Segment Start: Dataset records
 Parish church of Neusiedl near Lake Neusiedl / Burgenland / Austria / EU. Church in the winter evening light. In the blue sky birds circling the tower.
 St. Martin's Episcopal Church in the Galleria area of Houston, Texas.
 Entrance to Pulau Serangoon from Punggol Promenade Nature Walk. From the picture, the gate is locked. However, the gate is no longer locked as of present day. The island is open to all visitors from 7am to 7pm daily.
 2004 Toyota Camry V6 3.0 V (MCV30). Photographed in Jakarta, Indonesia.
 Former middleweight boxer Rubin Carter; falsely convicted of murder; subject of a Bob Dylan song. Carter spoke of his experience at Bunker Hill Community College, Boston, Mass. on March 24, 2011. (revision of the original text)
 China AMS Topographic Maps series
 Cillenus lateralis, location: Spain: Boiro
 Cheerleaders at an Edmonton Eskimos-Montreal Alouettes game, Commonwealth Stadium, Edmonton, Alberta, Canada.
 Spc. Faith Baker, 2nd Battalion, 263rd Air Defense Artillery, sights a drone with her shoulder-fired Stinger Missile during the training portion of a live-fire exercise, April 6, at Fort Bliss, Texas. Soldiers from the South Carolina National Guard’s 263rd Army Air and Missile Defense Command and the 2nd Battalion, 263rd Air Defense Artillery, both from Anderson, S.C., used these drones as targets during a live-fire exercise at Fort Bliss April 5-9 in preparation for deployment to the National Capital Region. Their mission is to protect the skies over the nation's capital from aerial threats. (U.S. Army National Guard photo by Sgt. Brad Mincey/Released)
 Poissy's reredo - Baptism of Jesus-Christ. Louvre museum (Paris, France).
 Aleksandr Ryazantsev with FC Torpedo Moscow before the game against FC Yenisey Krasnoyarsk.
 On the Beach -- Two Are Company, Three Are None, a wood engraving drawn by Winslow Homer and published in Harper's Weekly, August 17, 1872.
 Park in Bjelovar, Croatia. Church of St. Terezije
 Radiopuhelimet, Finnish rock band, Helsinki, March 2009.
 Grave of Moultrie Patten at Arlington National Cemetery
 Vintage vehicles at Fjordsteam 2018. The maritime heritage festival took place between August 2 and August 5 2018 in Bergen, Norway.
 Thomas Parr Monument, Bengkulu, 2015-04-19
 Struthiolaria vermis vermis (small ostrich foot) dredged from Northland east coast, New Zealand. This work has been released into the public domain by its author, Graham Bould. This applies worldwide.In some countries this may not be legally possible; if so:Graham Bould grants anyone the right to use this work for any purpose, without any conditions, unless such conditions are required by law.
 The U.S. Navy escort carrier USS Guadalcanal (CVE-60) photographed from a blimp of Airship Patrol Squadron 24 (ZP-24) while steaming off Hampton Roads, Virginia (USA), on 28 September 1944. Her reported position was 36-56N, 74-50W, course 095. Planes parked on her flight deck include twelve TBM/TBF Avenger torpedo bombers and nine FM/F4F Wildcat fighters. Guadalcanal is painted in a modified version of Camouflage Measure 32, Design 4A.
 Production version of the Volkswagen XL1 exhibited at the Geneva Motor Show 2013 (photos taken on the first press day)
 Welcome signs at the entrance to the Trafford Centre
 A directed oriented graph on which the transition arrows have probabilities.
Segment End: Dataset records
**What is required:** An exact copy of all the records is what is needed here.

**Worked solution:**
 Parish church of Neusiedl near Lake Neusiedl / Burgenland / Austria / EU. Church in the winter evening light. In the blue sky birds circling the tower.
 St. Martin's Episcopal Church in the Galleria area of Houston, Texas.
 Entrance to Pulau Serangoon from Punggol Promenade Nature Walk. From the picture, the gate is locked. However, the gate is no longer locked as of present day. The island is open to all visitors from 7am to 7pm daily.
 2004 Toyota Camry V6 3.0 V (MCV30). Photographed in Jakarta, Indonesia.
 Former middleweight boxer Rubin Carter; falsely convicted of murder; subject of a Bob Dylan song. Carter spoke of his experience at Bunker Hill Community College, Boston, Mass. on March 24, 2011. (revision of the original text)
 China AMS Topographic Maps series
 Cillenus lateralis, location: Spain: Boiro
 Cheerleaders at an Edmonton Eskimos-Montreal Alouettes game, Commonwealth Stadium, Edmonton, Alberta, Canada.
 Spc. Faith Baker, 2nd Battalion, 263rd Air Defense Artillery, sights a drone with her shoulder-fired Stinger Missile during the training portion of a live-fire exercise, April 6, at Fort Bliss, Texas. Soldiers from the South Carolina National Guard’s 263rd Army Air and Missile Defense Command and the 2nd Battalion, 263rd Air Defense Artillery, both from Anderson, S.C., used these drones as targets during a live-fire exercise at Fort Bliss April 5-9 in preparation for deployment to the National Capital Region. Their mission is to protect the skies over the nation's capital from aerial threats. (U.S. Army National Guard photo by Sgt. Brad Mincey/Released)
 Poissy's reredo - Baptism of Jesus-Christ. Louvre museum (Paris, France).
 Aleksandr Ryazantsev with FC Torpedo Moscow before the game against FC Yenisey Krasnoyarsk.
 On the Beach -- Two Are Company, Three Are None, a wood engraving drawn by Winslow Homer and published in Harper's Weekly, August 17, 1872.
 Park in Bjelovar, Croatia. Church of St. Terezije
 Radiopuhelimet, Finnish rock band, Helsinki, March 2009.
 Grave of Moultrie Patten at Arlington National Cemetery
 Vintage vehicles at Fjordsteam 2018. The maritime heritage festival took place between August 2 and August 5 2018 in Bergen, Norway.
 Thomas Parr Monument, Bengkulu, 2015-04-19
 Struthiolaria vermis vermis (small ostrich foot) dredged from Northland east coast, New Zealand. This work has been released into the public domain by its author, Graham Bould. This applies worldwide.In some countries this may not be legally possible; if so:Graham Bould grants anyone the right to use this work for any purpose, without any conditions, unless such conditions are required by law.
 The U.S. Navy escort carrier USS Guadalcanal (CVE-60) photographed from a blimp of Airship Patrol Squadron 24 (ZP-24) while steaming off Hampton Roads, Virginia (USA), on 28 September 1944. Her reported position was 36-56N, 74-50W, course 095. Planes parked on her flight deck include twelve TBM/TBF Avenger torpedo bombers and nine FM/F4F Wildcat fighters. Guadalcanal is painted in a modified version of Camouflage Measure 32, Design 4A.
 Production version of the Volkswagen XL1 exhibited at the Geneva Motor Show 2013 (photos taken on the first press day)
 Welcome signs at the entrance to the Trafford Centre
 A directed oriented graph on which the transition arrows have probabilities.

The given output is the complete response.